··· MATERIAL SUPPLIED

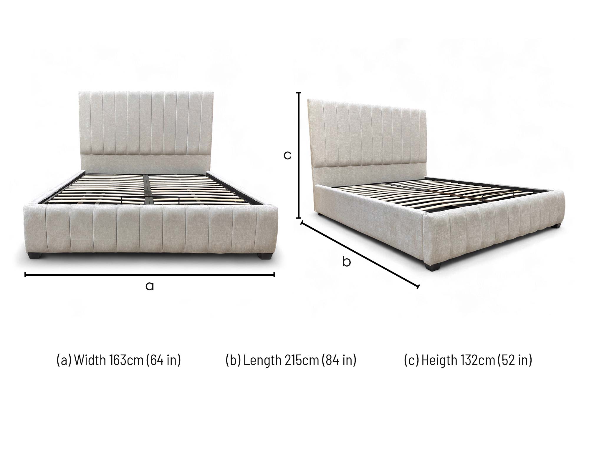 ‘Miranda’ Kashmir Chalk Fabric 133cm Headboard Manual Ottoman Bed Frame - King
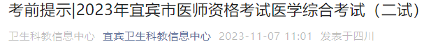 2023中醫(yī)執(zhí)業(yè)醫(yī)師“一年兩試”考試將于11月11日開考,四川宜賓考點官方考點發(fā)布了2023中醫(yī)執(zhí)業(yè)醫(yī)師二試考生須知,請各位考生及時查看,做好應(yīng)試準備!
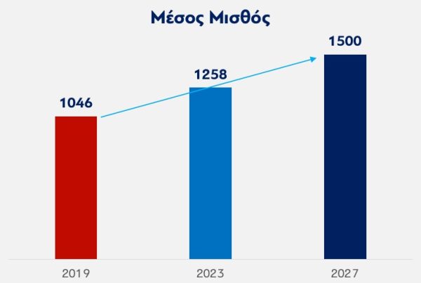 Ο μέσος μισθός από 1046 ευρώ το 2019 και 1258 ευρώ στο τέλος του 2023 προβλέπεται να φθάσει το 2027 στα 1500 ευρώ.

······
··· MATERIAL SUPPLIED

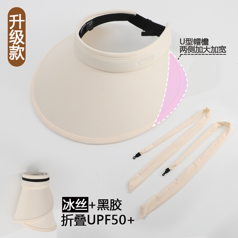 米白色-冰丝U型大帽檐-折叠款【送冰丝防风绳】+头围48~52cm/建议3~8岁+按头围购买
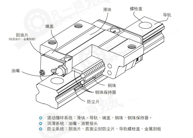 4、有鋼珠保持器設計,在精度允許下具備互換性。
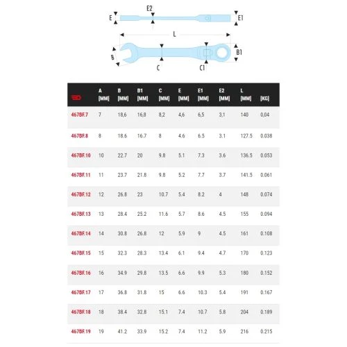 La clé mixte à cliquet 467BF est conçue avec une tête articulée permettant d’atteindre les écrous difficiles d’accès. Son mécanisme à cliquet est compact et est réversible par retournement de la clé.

······

▶ **DESCRIPTION OF THE TASK**
Since the pictures are not part of the copy, please transcribe only the lines above from the one with "Frame - King" through the one with "Ο μέσος μισθός", exactly and with both ends.

▶ **TASK SOLUTION**
 ‘Miranda’ Kashmir Chalk Fabric 133cm Headboard Manual Ottoman Bed Frame - King
 2023中醫(yī)執(zhí)業(yè)醫(yī)師“一年兩試”考試將于11月11日開考,四川宜賓考點官方考點發(fā)布了2023中醫(yī)執(zhí)業(yè)醫(yī)師二試考生須知,請各位考生及時查看,做好應(yīng)試準備!
 Ο μέσος μισθός από 1046 ευρώ το 2019 και 1258 ευρώ στο τέλος του 2023 προβλέπεται να φθάσει το 2027 στα 1500 ευρώ.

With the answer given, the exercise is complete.